Tank design is often conceptualized as a balance between mobility, protection and firepower. This is, at best, a messy and imprecise conceptualization. It is messy because these three traits cannot be completely separated from each other. An APC, for example, that provides basic protection against small arms fire and shell fragments is effectively more mobile than an open-topped vehicle because the APC can traverse areas swept by artillery fires that are closed off entirely to the open-topped vehicle. It is an imprecise conceptualization because broad ideas like "mobility" are very complex in practice. The M1 Abrams burns more fuel than the Leo 2, but the Leo 2 requires diesel fuel, while the omnivorous AGT-1500 will run happily on anything liquid and flammable. Which has better strategic mobility? Soviet rail gauge was slightly wider than Western European standard; 3.32 vs 3.15 meters. But Soviet tanks in the Cold War were generally kept lighter and smaller, and had to be in order to be moved in large numbers on a rail and road network that was not as robust as that further west.

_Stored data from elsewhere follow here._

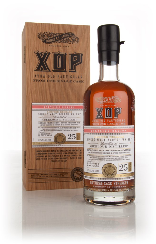 Ooh, an indie Aberlour! Don't see many of these, do you? This was bottled by Douglas Laing for the Xtra Old Particular range, drawn from a single Sherry butt which matured the whisky from November 1990 to November 2015. A release of 289 bottles.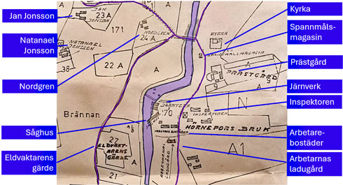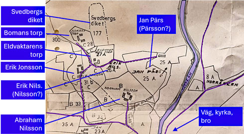 I bild 2 omnämns Jonsson och Nordgren. Vid järnbruket behövdes en eldvaktare. Eldvaktaren har en egen täppa och även en gård som återkommer nedan.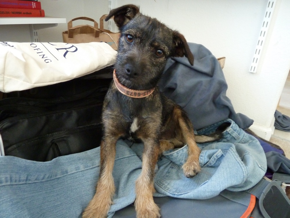 This little guy (terrier mix? 15-20 pounds? 6-9 months old?) was wandering right outside our door yesterday evening when I took Kai and Chester out at 5:00 pm. He had no collar (he’s wearing one of Chester’s old collars here). He had no chip. He did have fleas and worms, but we’re working on that. He’s a sweetheart, and he’s made himself right at home. Within an hour he was napping on Arlin’s lap.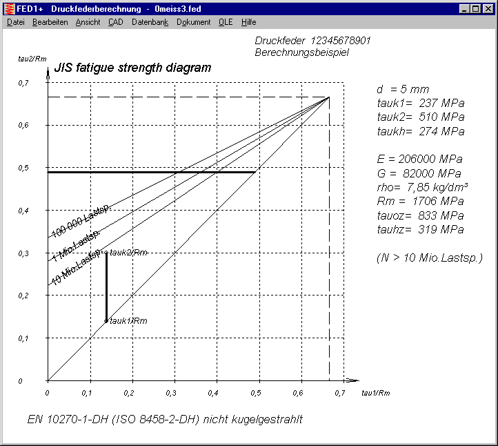 Mit der zulässigen Hubspannung bei schwellender Last (tau1=0) aus dem Goodman-Diagramm wird das JIS-Dauerfestigkeitsdiagramm konstruiert. Somit gibt es bei den Federprogrammen jetzt 5 verschiedene Dauerfestigkeitsschaubilder zur Auswahl: Goodman, Haigh-Goodman, Smith, SN (Wöhler) und JIS.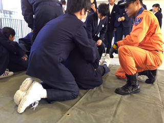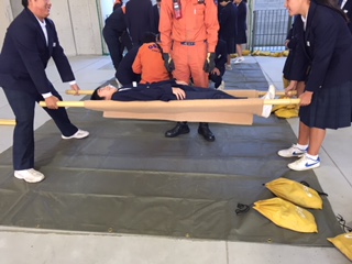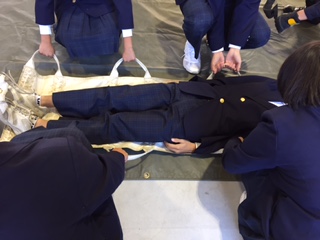「搬送体験」では、3種類の搬送の方法を学びました。それぞれに注意する点があり、力の入れ方の難しさや、協力することの大切さなどを学びました。

So if NATO and the Warsaw Pact had switched tanks in the late 1950s, they would both have downgraded the strategic mobility of their forces, as the Soviet tanks would be slightly too wide for unrestricted movement on rails in the free world, and the NATO tanks would have demanded more logistical support per tank than evil atheist commie formations were designed to provide.
So instead of wading into a deep and subtle subject, I am going to write about something that is extremely simple and easy to describe in mathematical terms; the top speed of a tank moving in a straight line. Because it is so simple and straightforward to understand, it is also nearly meaningless in terms of the combat performance of a tank.

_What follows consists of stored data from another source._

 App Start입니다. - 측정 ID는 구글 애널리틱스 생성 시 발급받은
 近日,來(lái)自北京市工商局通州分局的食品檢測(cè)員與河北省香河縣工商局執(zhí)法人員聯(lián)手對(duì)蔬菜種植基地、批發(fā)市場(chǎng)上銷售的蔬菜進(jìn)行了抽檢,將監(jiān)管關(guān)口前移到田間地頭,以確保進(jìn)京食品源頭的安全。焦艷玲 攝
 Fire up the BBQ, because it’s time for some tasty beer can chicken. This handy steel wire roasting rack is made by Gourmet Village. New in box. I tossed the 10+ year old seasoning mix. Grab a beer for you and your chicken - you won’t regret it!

In short, the top speed of a tank is limited by three things; the gear ratio limit, the power limit and the suspension limit. The tank's maximum speed will be whichever of these limits is the lowest on a given terrain. The top speed of a tank is of limited significance, even from a tactical perspective, because the tank's ability to exploit its top speed is constrained by other factors. A high top speed, however, looks great on sales brochures, and there are examples of tanks that were designed with pointlessly high top speeds in order to overawe people who needed impressing.
When this baby hits 88 miles per hour, you're going to see some serious shit.
The Gear Ratio Limit
Every engine has a maximum speed at which it can turn. Often, the engine is artificially governed to a maximum speed slightly less than what it is mechanically capable of in order to reduce wear. Additionally, most piston engines develop their maximum power at slightly less than their maximum speed due to valve timing issues:
A typical power/speed relationship for an Otto Cycle engine. Otto Cycle engines are primitive devices that are only used when the Brayton Cycle Master Race is unavailable.

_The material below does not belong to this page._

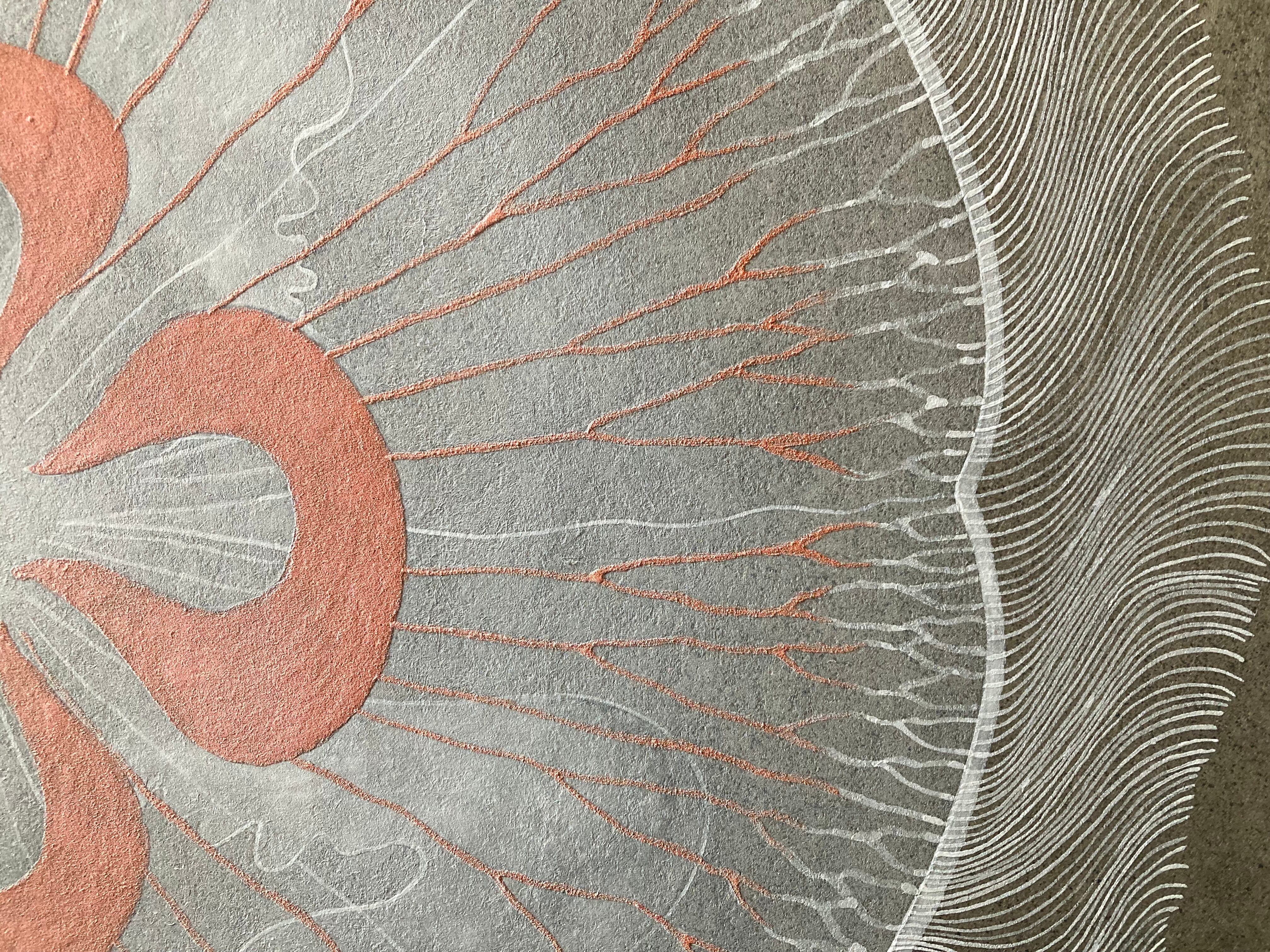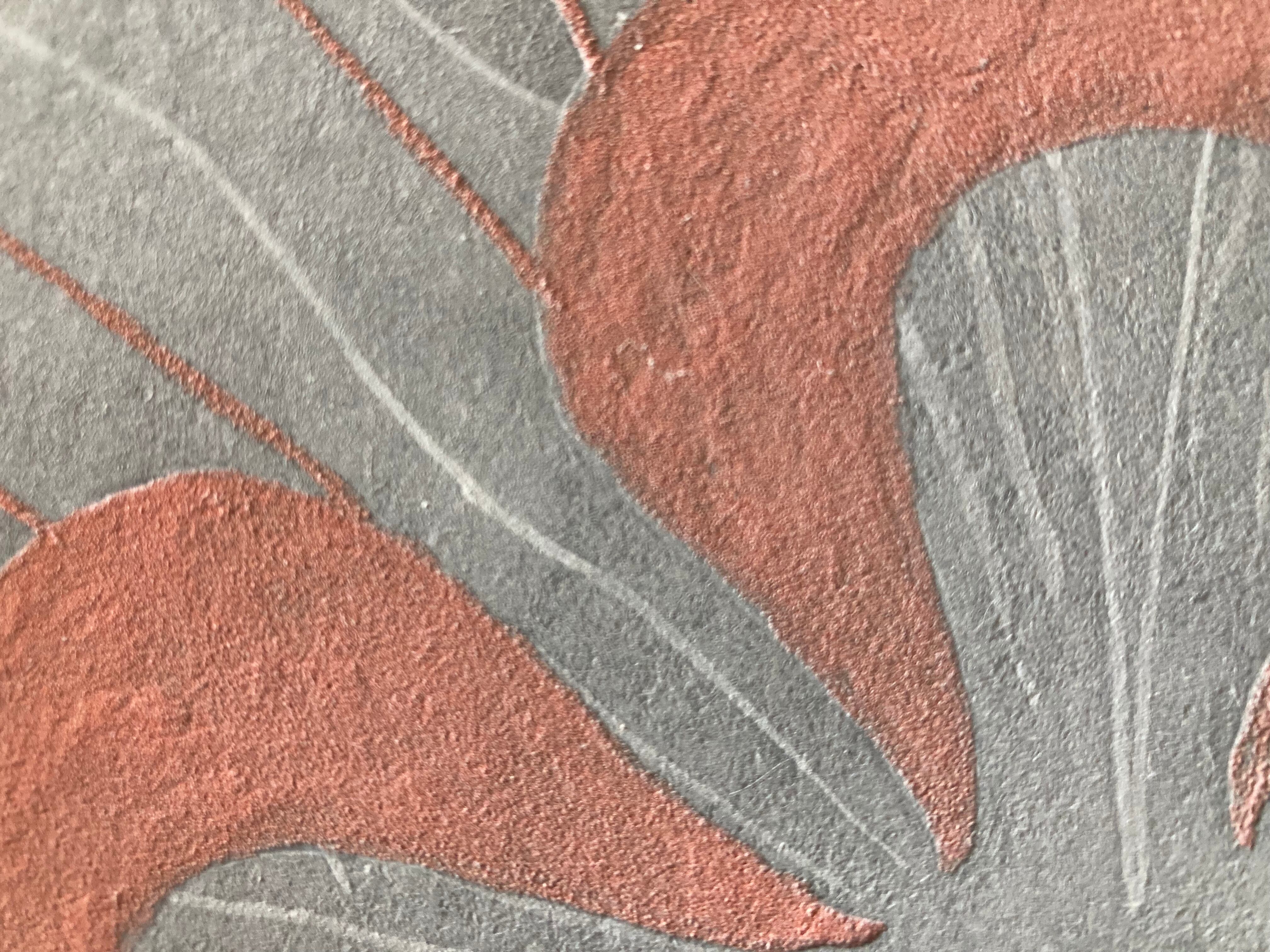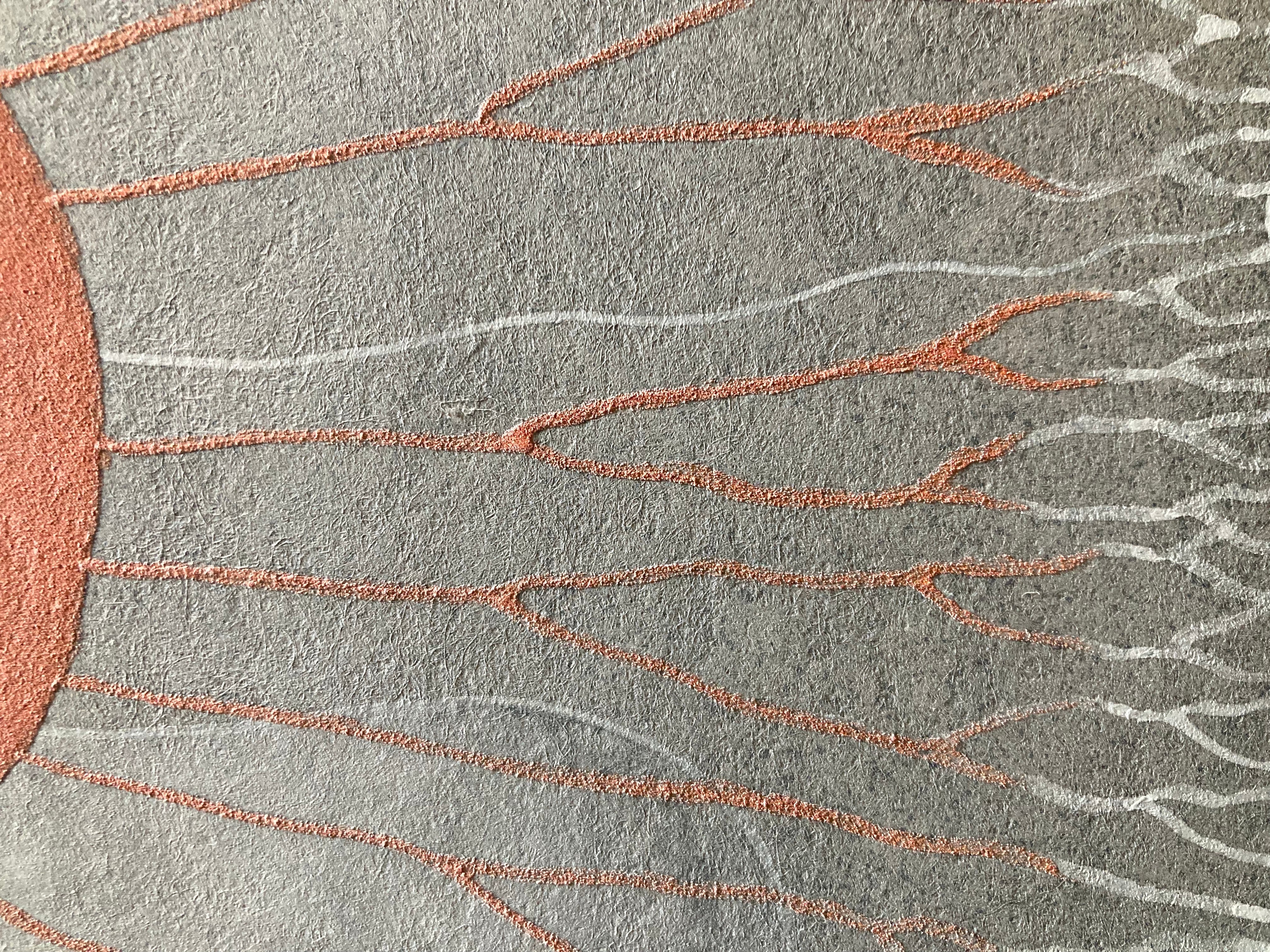 天然岩絵具や粉砕した黒箔(銀箔)を使用することで、

Most tanks have predominantly or purely mechanical drivetrains, which exchange rotational speed for torque by easily measurable ratios. The maximum rotational speed of the engine, multiplied by the gear ratio of the highest gear in the transmission multiplied by the gear ratio of the final drives multiplied by the circumference of the drive sprocket will equal the gear ratio limit of the tank. The tank is unable to achieve higher speeds than the gear ratio limit because it physically cannot spin its tracks around any faster.
Most spec sheets don't actually give out the transmission ratios in different gears, but such excessively detailed specification sheets are provided in Germany's Tiger Tanks by Hilary Doyle and Thomas Jentz. The gear ratios, final drive ratios, and maximum engine RPM of the Tiger II are all provided, along with a handy table of the vehicle's maximum speed in each gear. In eighth gear, the top speed is given as 41.5 KPH, but that is at an engine speed of 3000 RPM, and in reality the German tank engines were governed to less than that in order to conserve their service life. At a more realistic 2500 RPM, the mighty Tiger II would have managed 34.6 KPH.
In principle there are analogous limits for electrical and hydraulic drive components based on free speeds and stall torques, but they are a little more complicated to actually calculate.
Part of the transmission from an M4 Sherman, picture from Jeeps_Guns_Tanks' great Sherman website
The Power Limit
So a Tiger II could totally go 34.6 KPH in combat, right? Well, perhaps. And by "perhaps," I mean "lolololololol, fuck no." I defy you to find me a test report where anybody manages to get a Tiger II over 33 KPH. While the meticulous engineers of Henschel did accurately transcribe the gear ratios of the transmission and final drive accurately, and did manage to use their tape measures correctly when measuring the drive sprockets, their rosy projections of the top speed did not account for the power limit.
As a tank moves, power from the engine is wasted in various ways and so is unavailable to accelerate the tank. As the tank goes faster and faster, the magnitude of these power-wasting phenomena grows, until there is no surplus power to accelerate the tank any more. The system reaches equilibrium, and the tank maxes out at some top speed where it hits its power limit (unless, of course, the tank hits its gear ratio limit first).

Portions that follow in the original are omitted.